Hedges and Olkin have developed inferential techniques that ignore the pro forma testing (because of large N) of null hypotheses and focus on the estimation of regression functions that estimate effects at different levels of study characteristics; nearly all of them appear in the Handbook . They worry about both sources of statistical instability: that arising from persons within studies and that which arises from variation between studies. As they properly point out, the study based on 5 persons deserves greater weight than the study based on 500 persons in determining the response of the treatment condition to changes in study conditions. The techniques they present are based on traditional assumptions of random sampling and independence. It is, of course, unclear precisely how the validity of their methods are compromised by failure to achieve probabilistic sampling of persons and studies.

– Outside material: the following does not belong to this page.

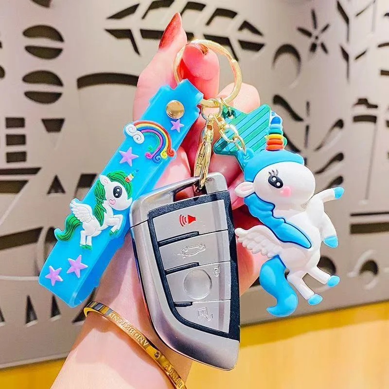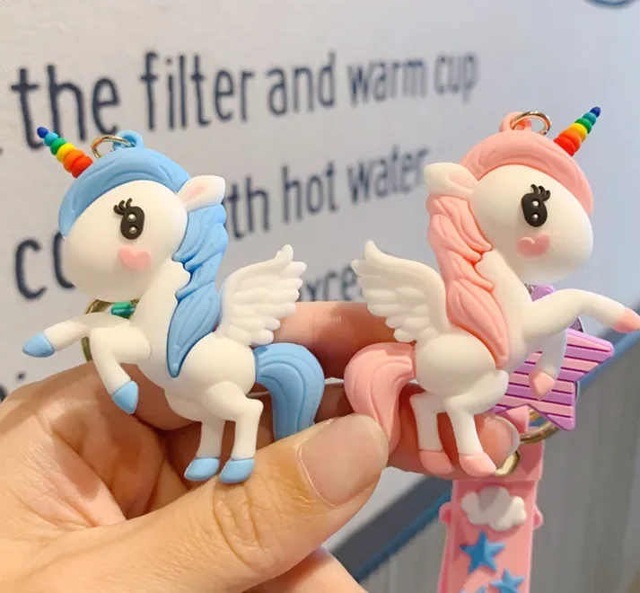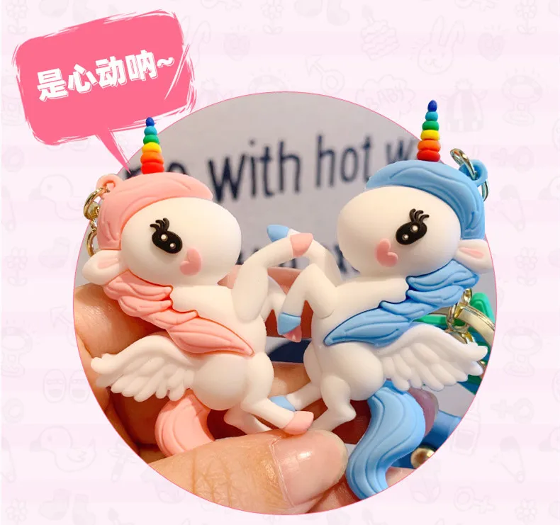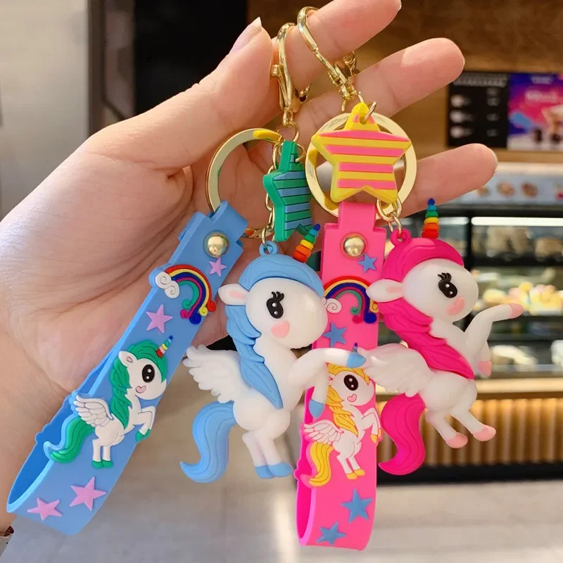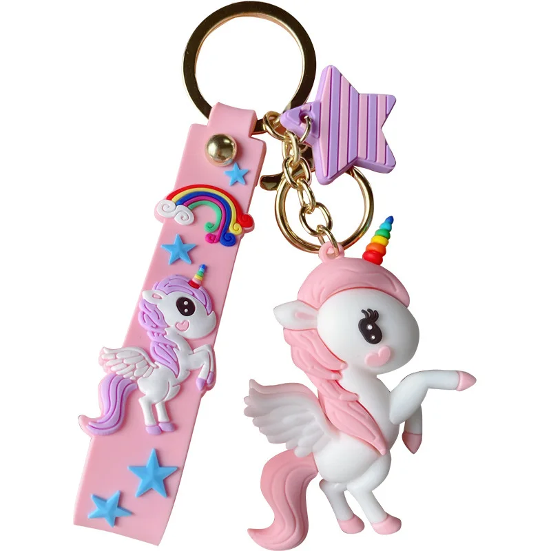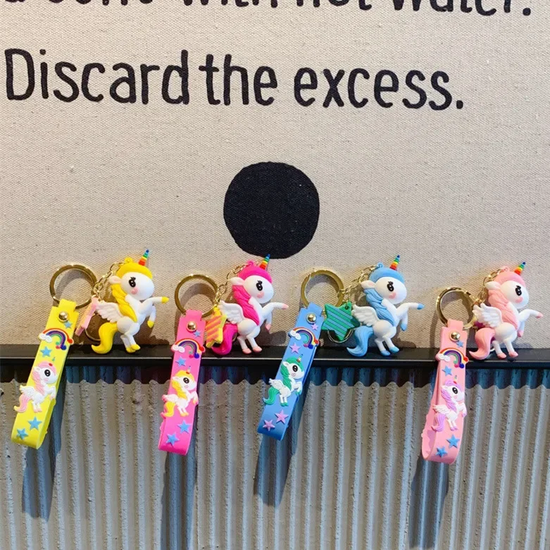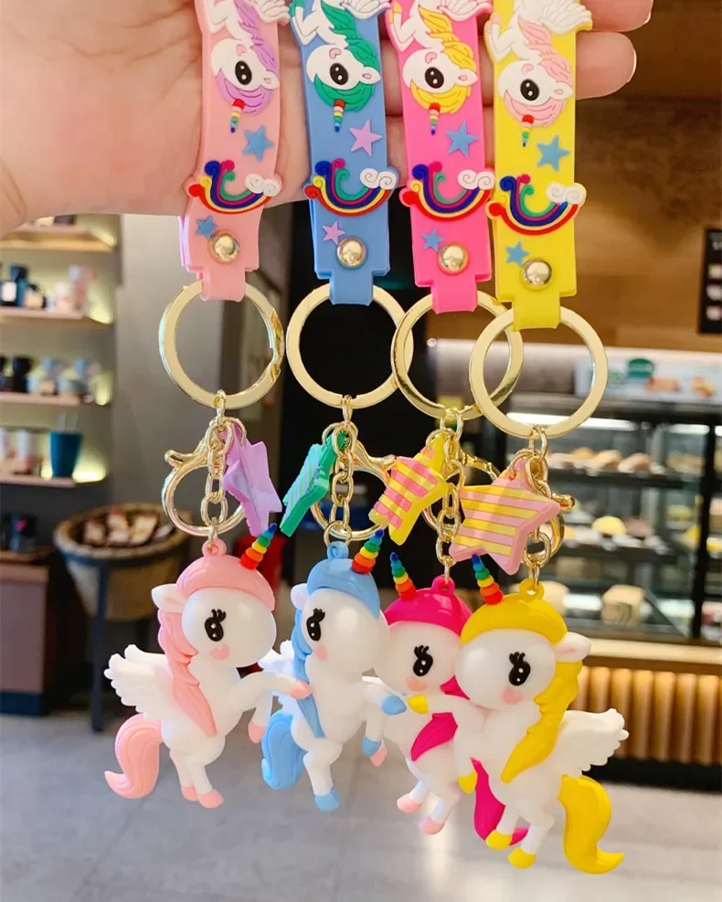 LLavero de caballo de arcoíris de dibujos animados, llavero de coche de unicornio bonito, colgante de bolso creativo, llavero pequeño de regalo al por mayor

The irony of traditional hypothesis testing approaches applied to meta-analysis is that whereas consideration of sampling error at the level of persons always leads to a pro forma rejection of "null hypotheses" (of zero correlation or zero average effect size), consideration of sampling error at the level of study characteristics (the study, not the person as the unit of analysis) leads to too few rejections (too many Type II errors, one might say). Hedges's homogeneity test of the hypothesis that all studies in a group estimate the same population parameter is the focus of much attention in the Handbook. Once a hypothesis of homogeneity is accepted by Hedges's test, one is advised to treat all studies within the ensemble as the same. Experienced data analysts know, however, that there is typically a good deal of meaningful covariation between study characteristics and study findings even within ensembles where Hedges's test cannot reject the homogeneity hypothesis. The situation is nearly exactly parallel to the experience of psychometricians discovering that they could easily interpret several more factors than inferential solutions (maximum- likelihood; LISREL) could confirm. The best data exploration and discovery is more complex and credible than the most exact inferential test. In short, classical statistics seems not able to reproduce the complex cognitive processes that are commonly applied by data analysts.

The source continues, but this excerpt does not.